One useful outcome of sparsity in our CSRNDArray input is that our gradients will be row sparse. We can exploit this fact to give us potentially huge memory savings and speed improvements. Creating our weight parameter with shape (units, in_units) and not transposing in the forward pass are important pre-requisite for obtaining row sparse gradients. Using nn.Dense would have led to column sparse gradients which are not supported in MXNet. We previously had grad_stype of the weight parameter in the first layer set to 'default' so we were handling the gradient as a dense array. Switching this to 'row_sparse' can give us these potential improvements.

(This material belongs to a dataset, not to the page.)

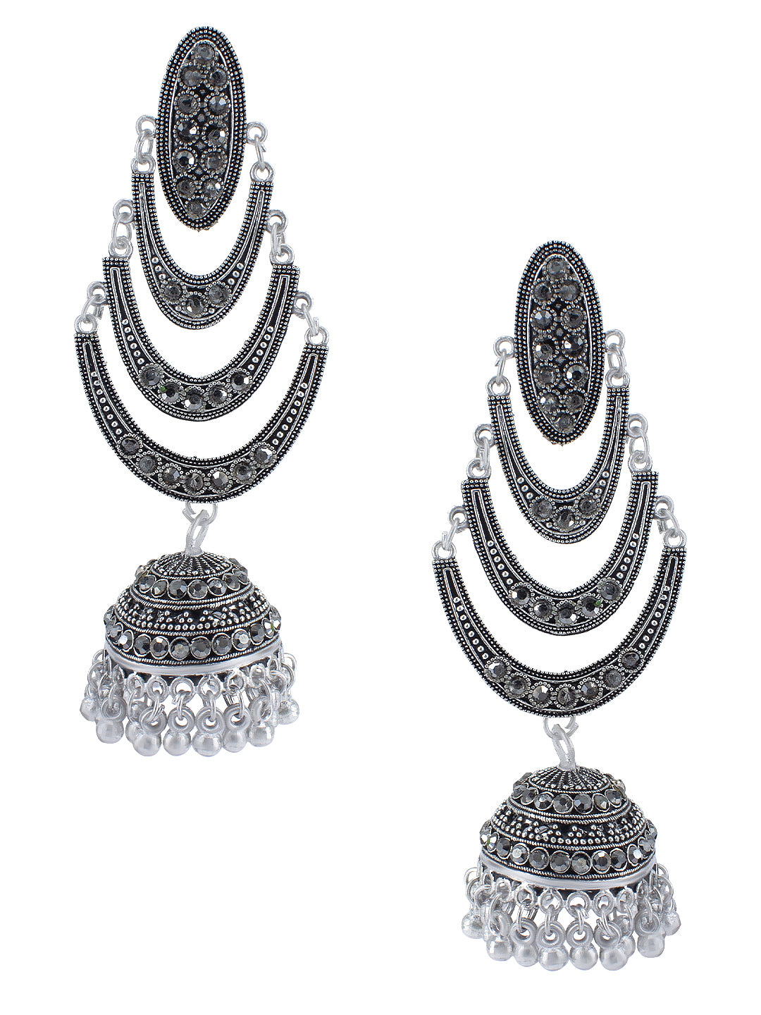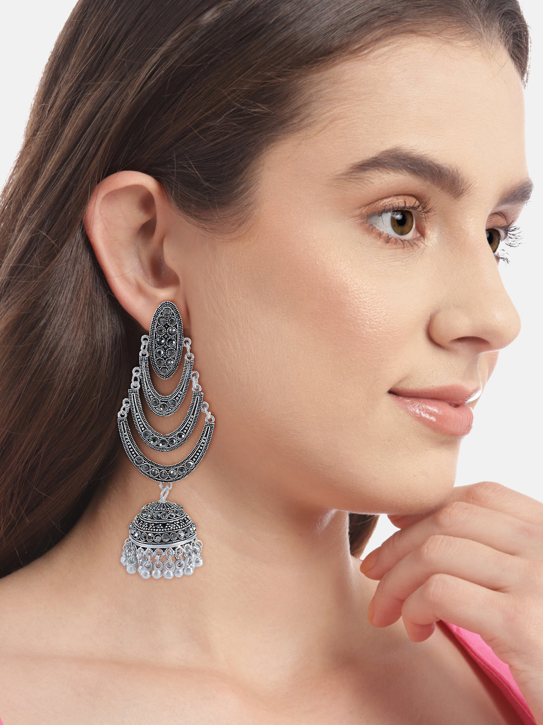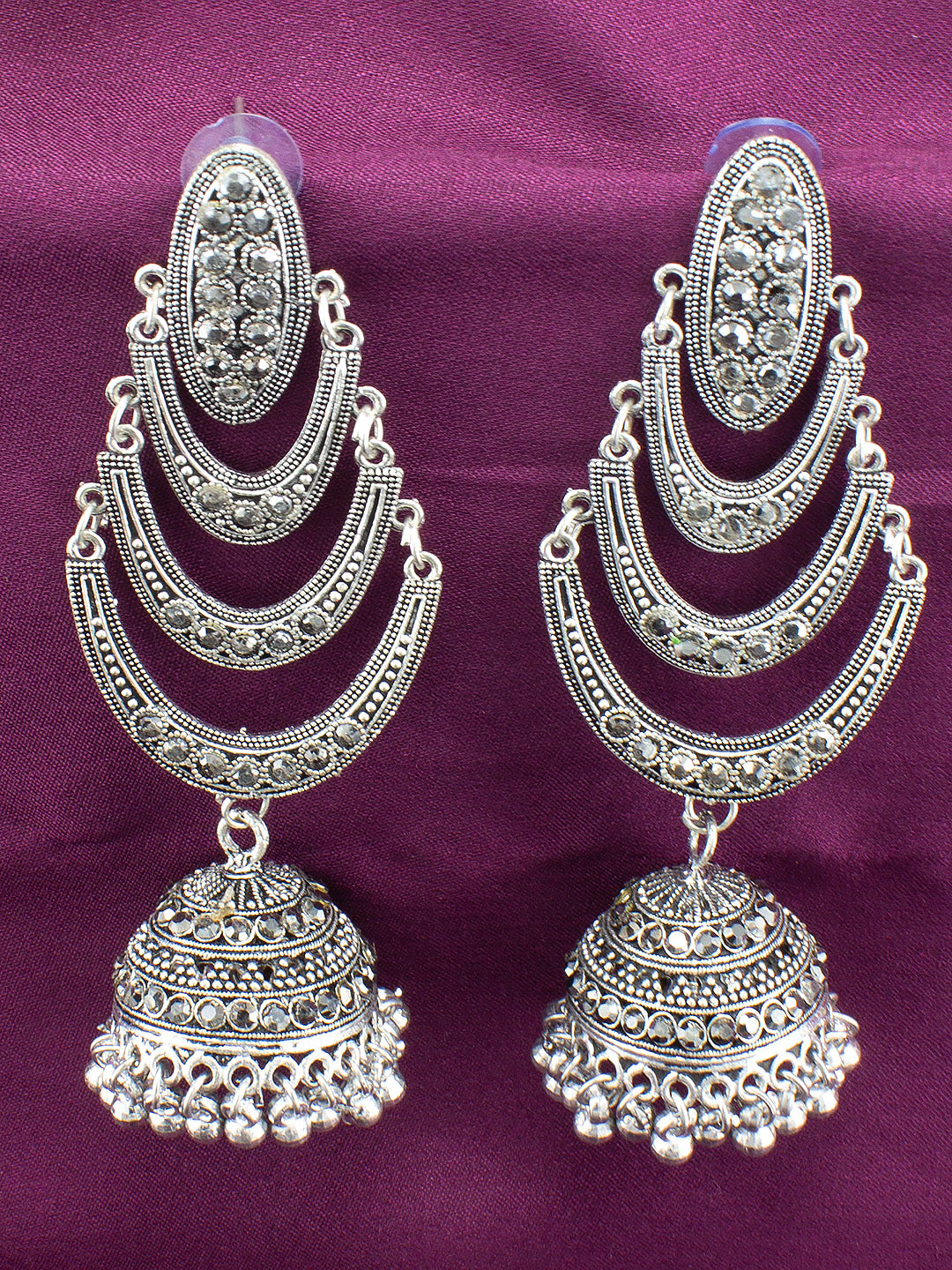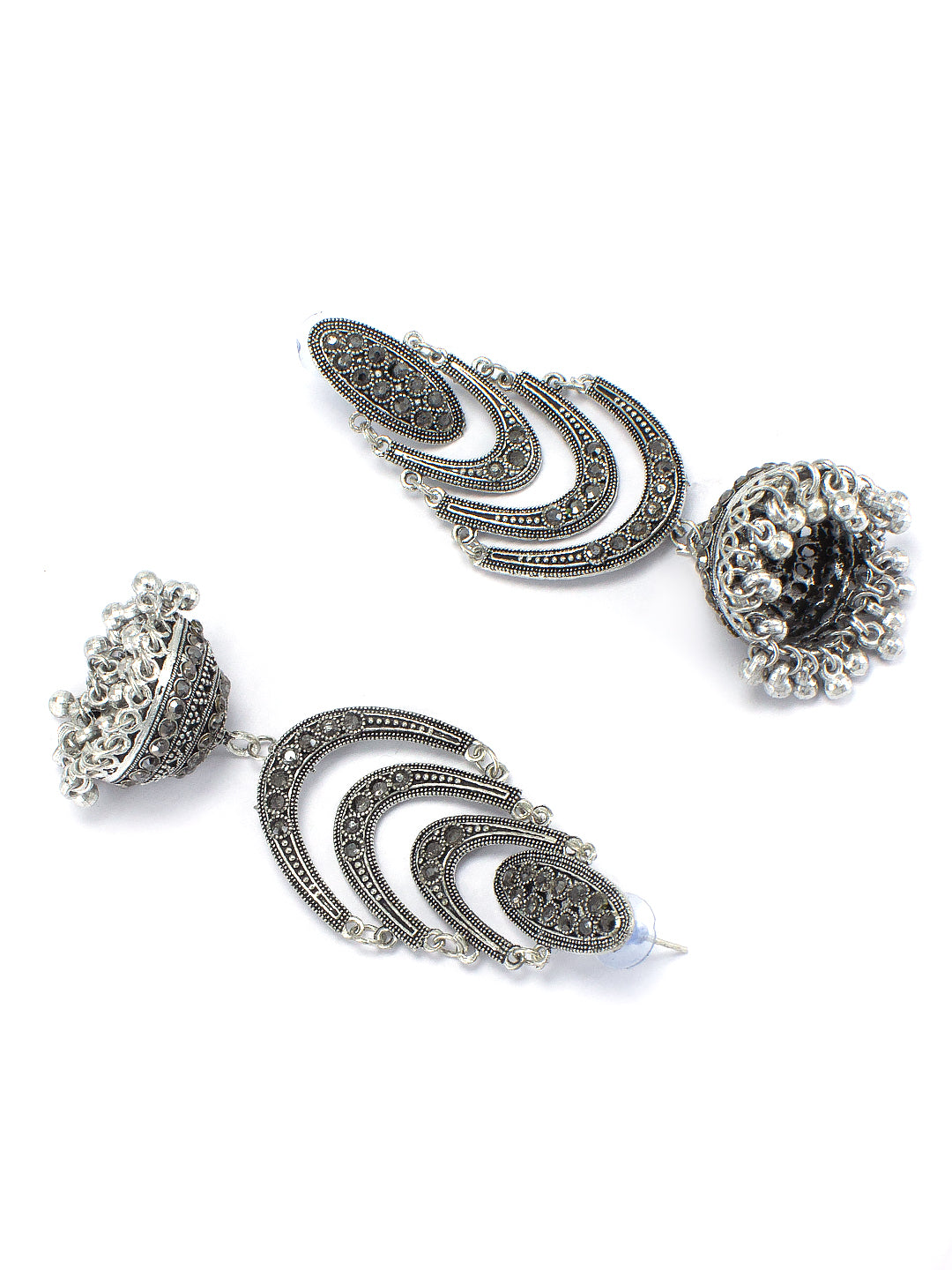 Silver Oxidised Chandbali Jhumka Earrings, secured with post and back closure.

net = mx.gluon.nn.Sequential()
net.add(
    FullyConnectedSparse(in_units=num_features, units=128, weight_grad_stype='row_sparse'),
    mx.gluon.nn.Activation('sigmoid'),
    FullyConnected(in_units=128, units=8),
    mx.gluon.nn.Activation('sigmoid'),
    FullyConnected(in_units=8, units=1),
    mx.gluon.nn.Activation('sigmoid'),
)
net.initialize(ctx=ctx)
trainer = mx.gluon.Trainer(net.collect_params(), 'sgd')
loss_fn = mx.gluon.loss.SigmoidBinaryCrossEntropyLoss()
%%timeit
data_iter.reset()
for batch in data_iter:
    data = batch.data[0]
    data = data.as_in_context(ctx)
    label = batch.label[0].as_in_context(ctx)
    with mx.autograd.record():
        pred = net(data)
        loss = loss_fn(pred, label)
    loss.backward()
    trainer.step(data.shape[0])
    loss.wait_to_read()
334 ms +- 16.9 ms per loop (mean +- std. dev. of 7 runs, 1 loop each)
fully connected sparse grad backward

We can see a huge reduction in the time taken for the backward pass and parameter update step: 3.99ms vs 0.18ms. And this reduces the overall time of the epoch significantly. Our gradient consumes a much smaller amount of memory and means only a subset of parameters need updating as part of the sgd_update step. Some optimizers don’t support sparse gradients however, so reference the specific optimizer’s documentation for more details.

print_memory_allocation(net, block_idxs=[0, 2, 4])
Memory Allocation for Weight:
512.000 MBs ( 99.999%) for fullyconnectedsparse1
  0.004 MBs (  0.001%) for fullyconnected2
  0.000 MBs (  0.000%) for fullyconnected3
Memory Allocation for Weight Gradient:
  0.059 MBs ( 93.490%) for fullyconnectedsparse1
  0.004 MBs (  6.460%) for fullyconnected2
  0.000 MBs (  0.050%) for fullyconnected3

Advanced: Sparse weight

You can optimize this example further by setting the weight’s stype to 'row_sparse', but whether 'row_sparse' weights make sense or not will depends on your specific task. See contrib.SparseEmbedding for an example of this.

Conclusion

As part of this tutorial, we learned how to write sparse data to disk in LibSVM format and load it back in sparse batches with the LibSVMIter. We learned how to improve the performance of Gluon’s nn.Dense on sparse arrays using mx.nd.sparse. And lastly, we set grad_stype to 'row_sparse' to reduce the size of the gradient and speed up the parameter update step.